*** Opening of DATASET RECORDS ***

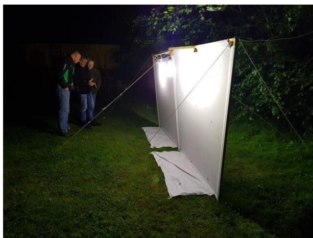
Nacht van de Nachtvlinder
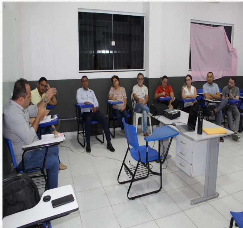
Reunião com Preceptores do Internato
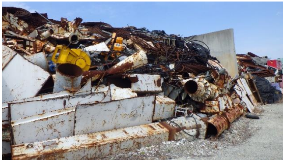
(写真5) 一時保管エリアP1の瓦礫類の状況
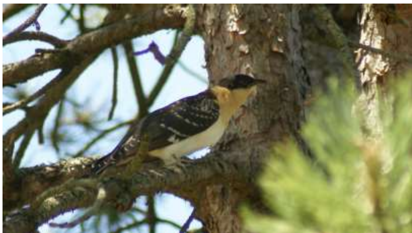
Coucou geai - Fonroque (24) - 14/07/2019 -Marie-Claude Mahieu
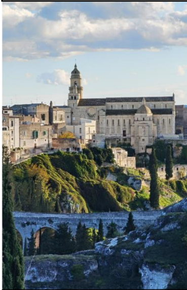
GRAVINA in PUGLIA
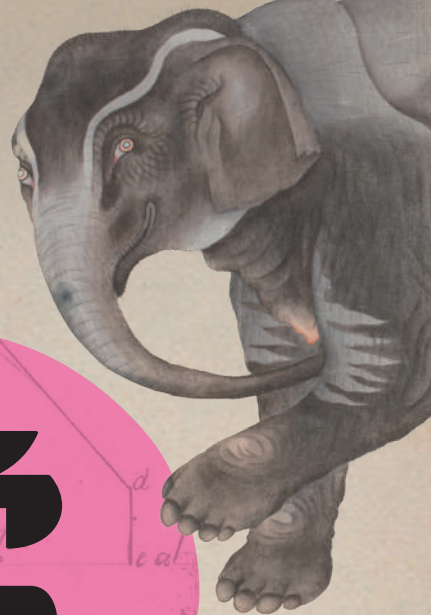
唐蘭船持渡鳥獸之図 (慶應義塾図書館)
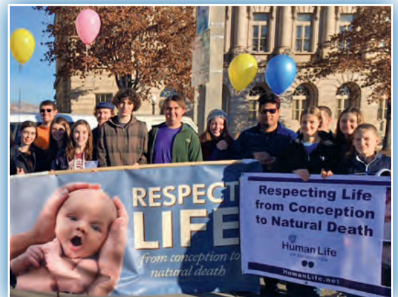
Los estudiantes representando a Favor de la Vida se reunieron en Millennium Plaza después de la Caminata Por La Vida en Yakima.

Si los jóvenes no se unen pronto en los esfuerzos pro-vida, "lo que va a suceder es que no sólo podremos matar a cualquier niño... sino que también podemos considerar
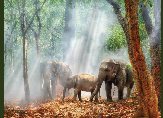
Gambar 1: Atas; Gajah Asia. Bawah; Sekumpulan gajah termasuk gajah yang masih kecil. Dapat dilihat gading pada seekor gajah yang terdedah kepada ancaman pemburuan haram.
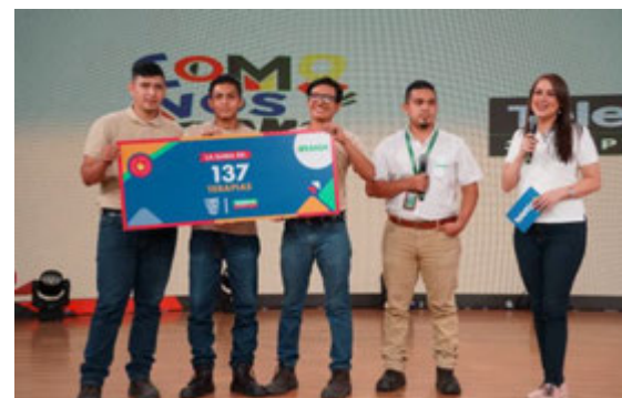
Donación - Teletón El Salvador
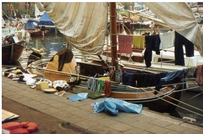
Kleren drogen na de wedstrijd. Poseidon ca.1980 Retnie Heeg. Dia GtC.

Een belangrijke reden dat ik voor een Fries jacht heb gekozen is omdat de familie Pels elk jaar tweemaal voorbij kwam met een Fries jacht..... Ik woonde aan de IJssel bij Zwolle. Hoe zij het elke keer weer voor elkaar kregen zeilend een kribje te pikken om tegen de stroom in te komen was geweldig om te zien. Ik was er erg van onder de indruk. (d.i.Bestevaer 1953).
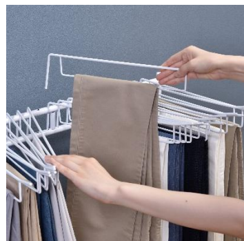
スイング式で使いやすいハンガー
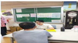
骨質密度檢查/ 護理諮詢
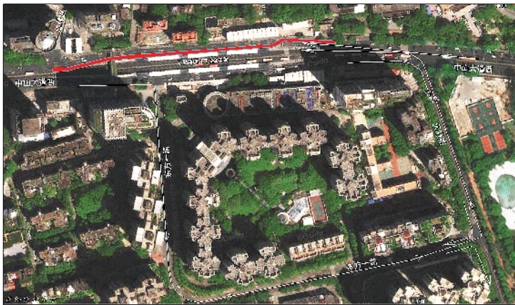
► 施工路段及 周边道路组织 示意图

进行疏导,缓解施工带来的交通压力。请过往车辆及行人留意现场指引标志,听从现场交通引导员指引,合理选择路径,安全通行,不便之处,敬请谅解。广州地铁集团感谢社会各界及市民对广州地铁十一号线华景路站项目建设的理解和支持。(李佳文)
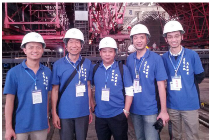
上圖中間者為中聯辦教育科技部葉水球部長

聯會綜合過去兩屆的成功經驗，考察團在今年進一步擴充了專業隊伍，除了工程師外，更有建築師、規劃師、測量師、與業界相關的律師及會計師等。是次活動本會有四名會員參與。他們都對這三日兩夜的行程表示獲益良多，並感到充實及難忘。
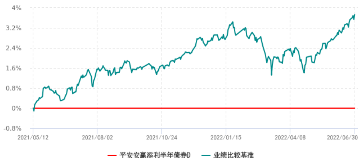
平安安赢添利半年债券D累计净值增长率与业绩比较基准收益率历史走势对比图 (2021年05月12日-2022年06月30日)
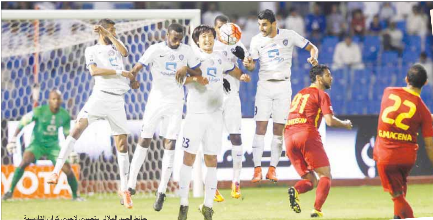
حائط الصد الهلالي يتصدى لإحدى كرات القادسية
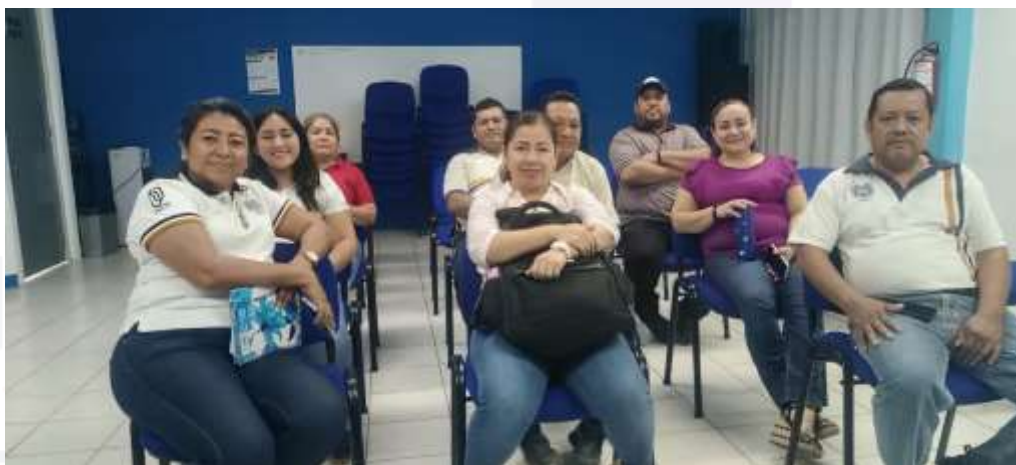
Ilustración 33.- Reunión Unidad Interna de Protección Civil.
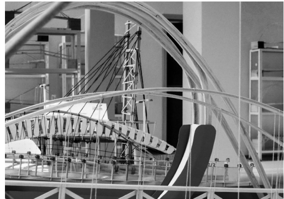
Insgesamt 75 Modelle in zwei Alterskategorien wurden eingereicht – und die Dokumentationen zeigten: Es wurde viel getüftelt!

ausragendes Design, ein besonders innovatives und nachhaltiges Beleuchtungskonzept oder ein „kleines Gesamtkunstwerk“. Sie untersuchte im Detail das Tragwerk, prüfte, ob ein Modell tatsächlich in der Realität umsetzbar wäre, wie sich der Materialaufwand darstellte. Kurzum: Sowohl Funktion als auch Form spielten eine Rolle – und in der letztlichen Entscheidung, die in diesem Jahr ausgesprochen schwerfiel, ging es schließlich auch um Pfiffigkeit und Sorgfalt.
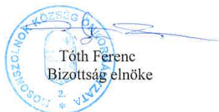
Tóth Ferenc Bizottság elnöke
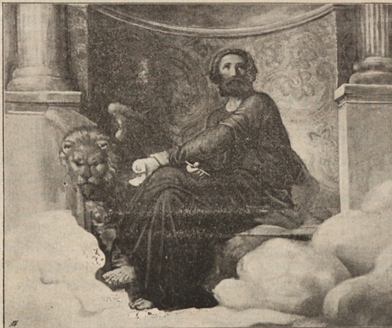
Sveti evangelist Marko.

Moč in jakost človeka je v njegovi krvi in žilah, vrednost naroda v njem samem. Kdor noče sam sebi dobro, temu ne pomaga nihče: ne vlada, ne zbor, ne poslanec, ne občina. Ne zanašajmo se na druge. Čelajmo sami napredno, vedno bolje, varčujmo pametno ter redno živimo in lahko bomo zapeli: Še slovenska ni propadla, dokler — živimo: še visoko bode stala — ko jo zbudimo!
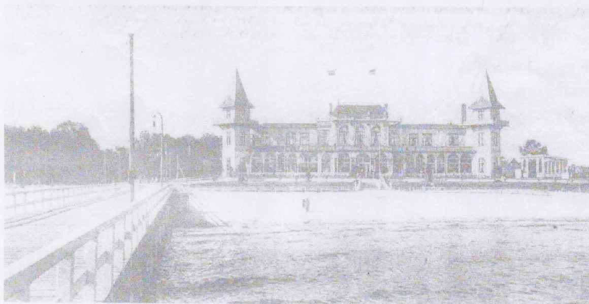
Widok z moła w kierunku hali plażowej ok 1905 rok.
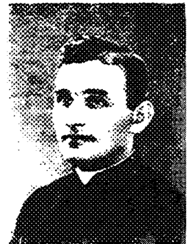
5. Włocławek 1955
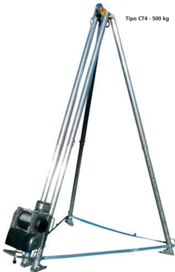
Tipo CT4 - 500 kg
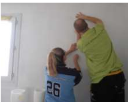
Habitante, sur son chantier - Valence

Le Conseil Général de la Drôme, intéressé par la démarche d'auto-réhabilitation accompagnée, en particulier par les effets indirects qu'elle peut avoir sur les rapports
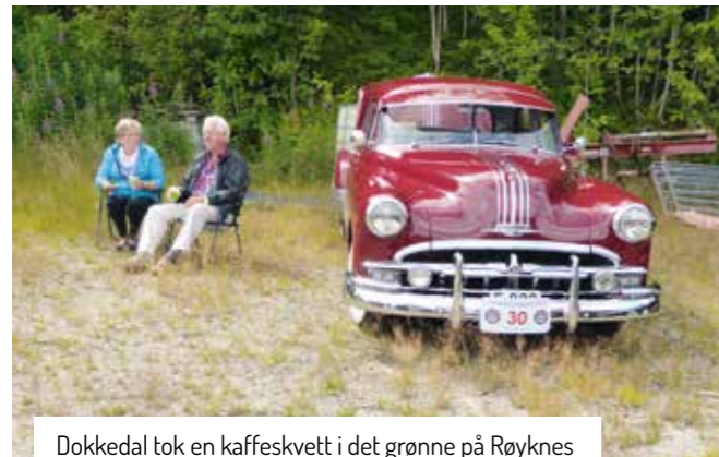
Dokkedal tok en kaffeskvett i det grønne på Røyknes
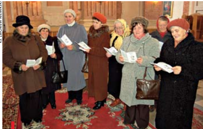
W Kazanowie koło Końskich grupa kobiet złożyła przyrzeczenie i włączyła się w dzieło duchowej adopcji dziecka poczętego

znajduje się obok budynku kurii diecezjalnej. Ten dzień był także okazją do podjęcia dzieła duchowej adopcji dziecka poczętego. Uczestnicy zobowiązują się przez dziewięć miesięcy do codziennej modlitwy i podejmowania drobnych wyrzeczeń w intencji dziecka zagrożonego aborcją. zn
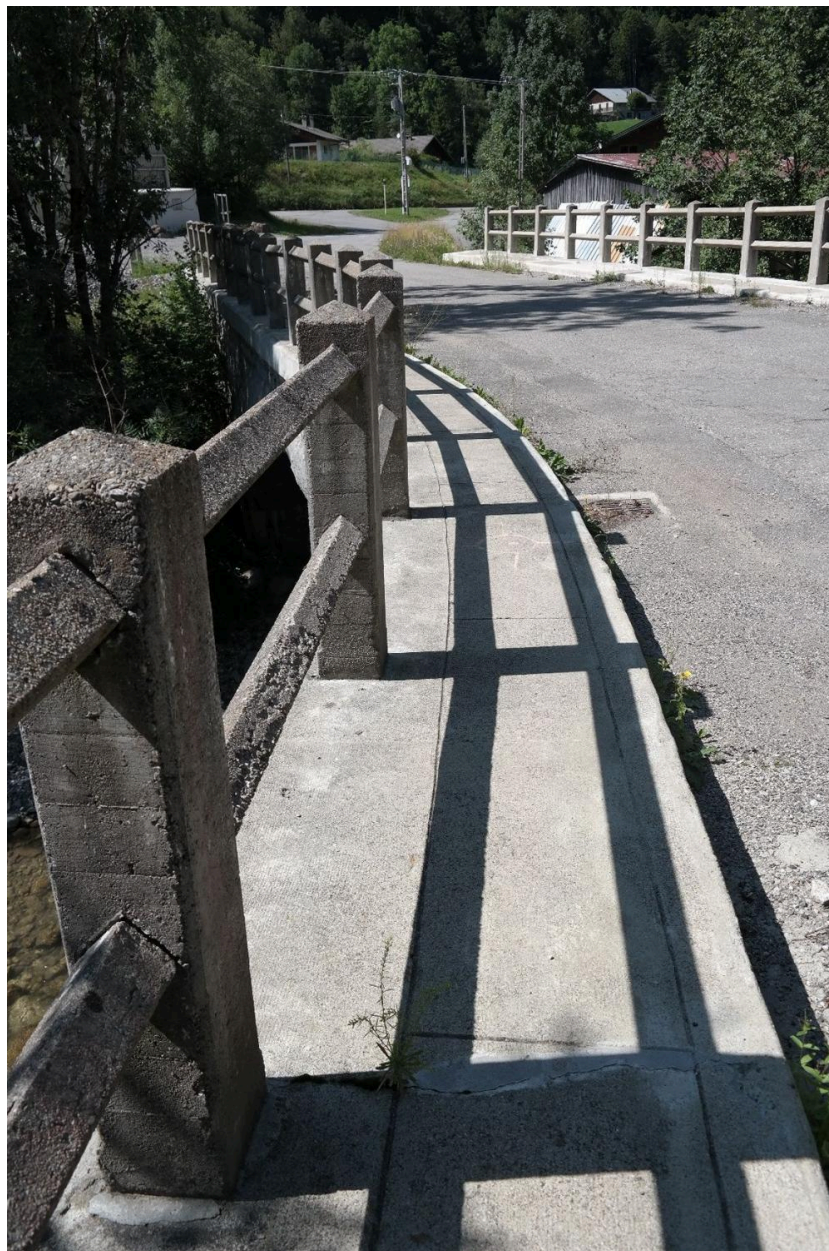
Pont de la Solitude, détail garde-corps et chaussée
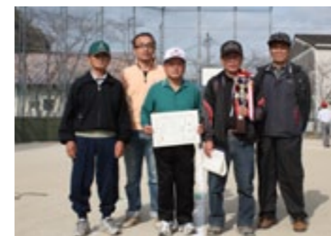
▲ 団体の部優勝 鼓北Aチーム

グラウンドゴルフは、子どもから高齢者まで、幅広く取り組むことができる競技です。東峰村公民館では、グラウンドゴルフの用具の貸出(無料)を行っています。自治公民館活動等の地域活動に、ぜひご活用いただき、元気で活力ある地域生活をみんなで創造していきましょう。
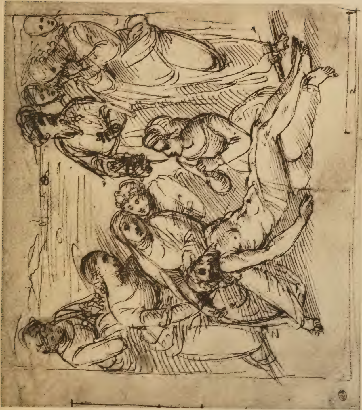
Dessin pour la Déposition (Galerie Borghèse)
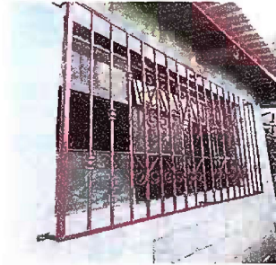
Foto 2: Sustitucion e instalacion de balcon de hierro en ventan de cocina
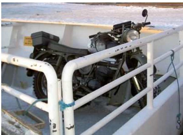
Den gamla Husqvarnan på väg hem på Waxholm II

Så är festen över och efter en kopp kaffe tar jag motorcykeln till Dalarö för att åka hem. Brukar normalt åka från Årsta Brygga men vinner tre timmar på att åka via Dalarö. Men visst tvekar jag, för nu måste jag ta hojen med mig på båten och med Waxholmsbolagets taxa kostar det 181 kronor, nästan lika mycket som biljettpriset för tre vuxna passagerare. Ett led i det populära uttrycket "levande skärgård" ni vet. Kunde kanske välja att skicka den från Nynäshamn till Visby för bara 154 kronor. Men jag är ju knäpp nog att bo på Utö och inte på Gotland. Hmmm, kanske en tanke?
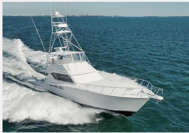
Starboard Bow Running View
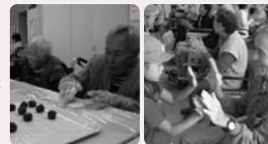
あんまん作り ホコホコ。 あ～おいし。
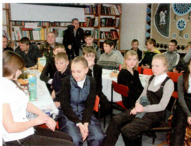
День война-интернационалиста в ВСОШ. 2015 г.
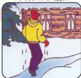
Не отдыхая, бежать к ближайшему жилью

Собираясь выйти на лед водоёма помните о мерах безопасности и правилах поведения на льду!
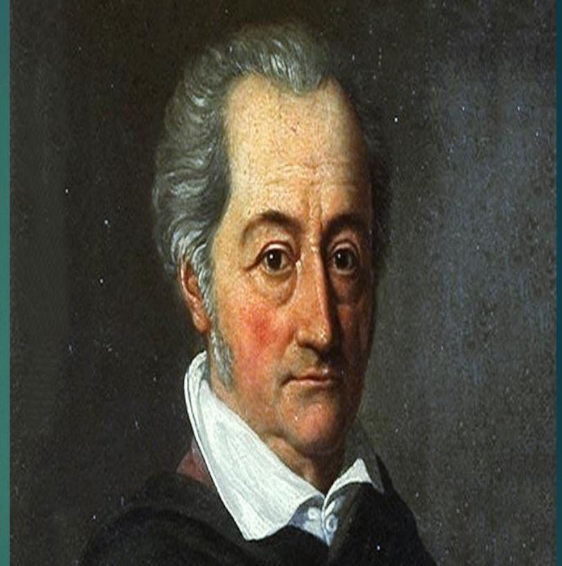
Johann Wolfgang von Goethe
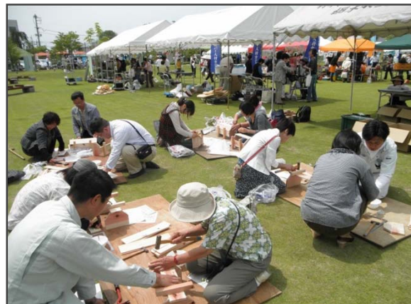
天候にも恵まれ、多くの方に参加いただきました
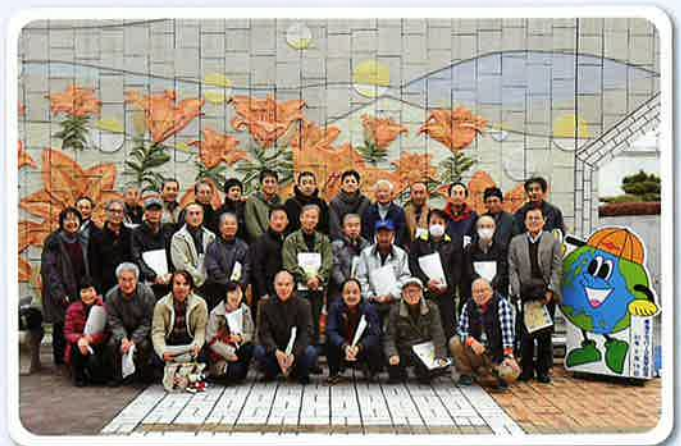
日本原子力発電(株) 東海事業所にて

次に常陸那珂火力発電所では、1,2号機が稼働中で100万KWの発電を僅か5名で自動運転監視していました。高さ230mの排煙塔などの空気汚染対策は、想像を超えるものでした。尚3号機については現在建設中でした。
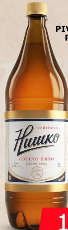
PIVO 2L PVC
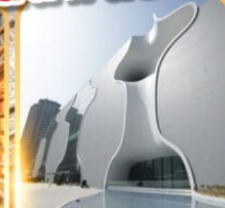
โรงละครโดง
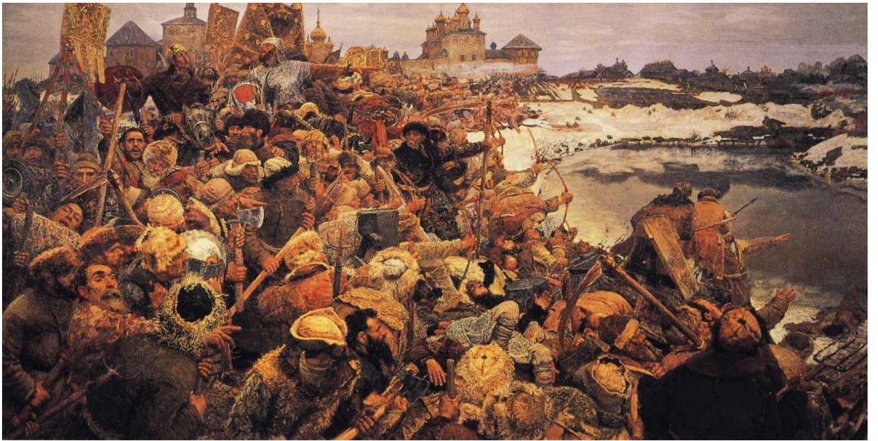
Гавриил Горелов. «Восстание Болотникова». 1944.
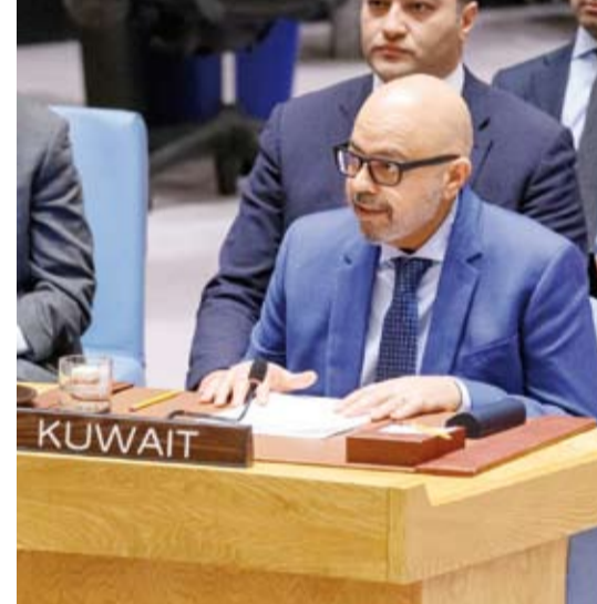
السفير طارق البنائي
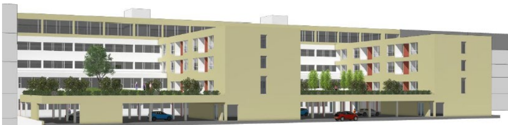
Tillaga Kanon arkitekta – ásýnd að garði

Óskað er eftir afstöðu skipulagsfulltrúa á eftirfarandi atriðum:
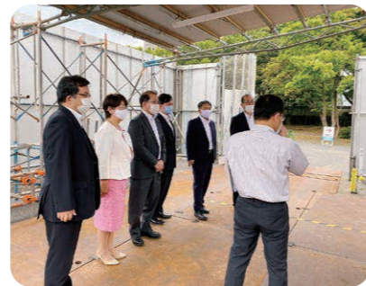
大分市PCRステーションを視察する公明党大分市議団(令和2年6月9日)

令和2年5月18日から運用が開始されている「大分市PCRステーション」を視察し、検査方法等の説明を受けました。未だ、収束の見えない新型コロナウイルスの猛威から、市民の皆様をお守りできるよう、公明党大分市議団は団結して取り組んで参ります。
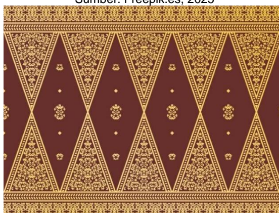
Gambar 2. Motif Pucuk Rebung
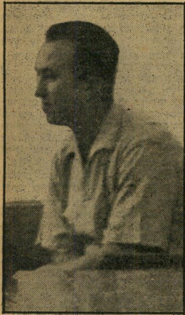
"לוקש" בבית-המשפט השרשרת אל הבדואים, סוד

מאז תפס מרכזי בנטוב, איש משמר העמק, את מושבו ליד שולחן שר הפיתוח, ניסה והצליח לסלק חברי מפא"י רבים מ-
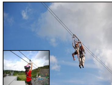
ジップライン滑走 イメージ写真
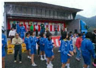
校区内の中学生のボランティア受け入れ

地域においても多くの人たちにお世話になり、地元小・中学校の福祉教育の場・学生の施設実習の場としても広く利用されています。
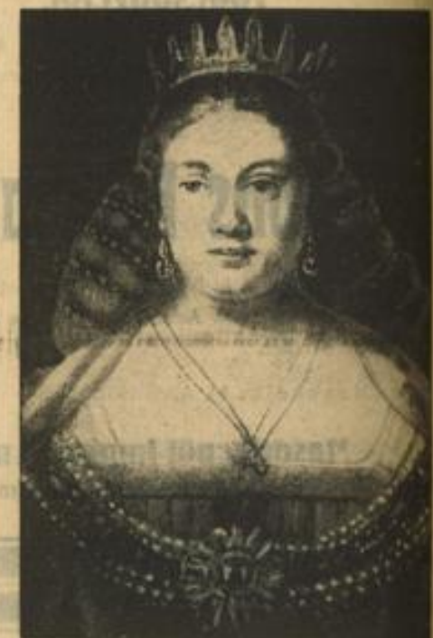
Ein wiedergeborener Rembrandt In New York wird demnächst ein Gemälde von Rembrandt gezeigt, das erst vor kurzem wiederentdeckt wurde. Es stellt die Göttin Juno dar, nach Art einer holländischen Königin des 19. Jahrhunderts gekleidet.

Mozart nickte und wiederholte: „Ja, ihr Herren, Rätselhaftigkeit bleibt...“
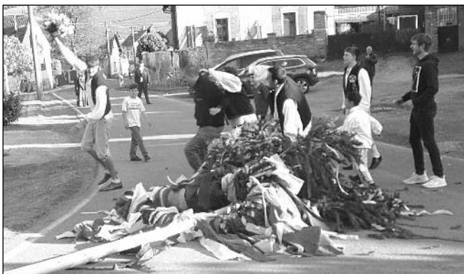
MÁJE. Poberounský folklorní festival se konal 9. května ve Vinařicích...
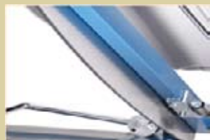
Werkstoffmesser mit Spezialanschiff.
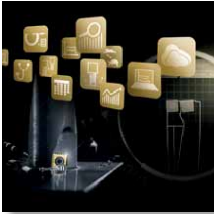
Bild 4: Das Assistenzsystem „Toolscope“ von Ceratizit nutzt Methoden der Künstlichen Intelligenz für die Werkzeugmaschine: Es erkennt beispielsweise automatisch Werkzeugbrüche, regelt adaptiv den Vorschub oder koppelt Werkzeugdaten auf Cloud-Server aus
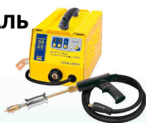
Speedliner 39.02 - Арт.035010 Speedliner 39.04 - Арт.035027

*** Close of DATASET RECORDS ***

Among the lines above, the one with "Le Conseil Général" opens the part to repeat and the one with "W Kazanowie koło" closes it; repeat only that part exactly, with no pictures.

— EXERCISE ANSWER —
Le Conseil Général de la Drôme, intéressé par la démarche d'auto-réhabilitation accompagnée, en particulier par les effets indirects qu'elle peut avoir sur les rapports
Dokkedal tok en kaffeskvett i det grønne på Røyknes
W Kazanowie koło Końskich grupa kobiet złożyła przyrzeczenie i włączyła się w dzieło duchowej adopcji dziecka poczętego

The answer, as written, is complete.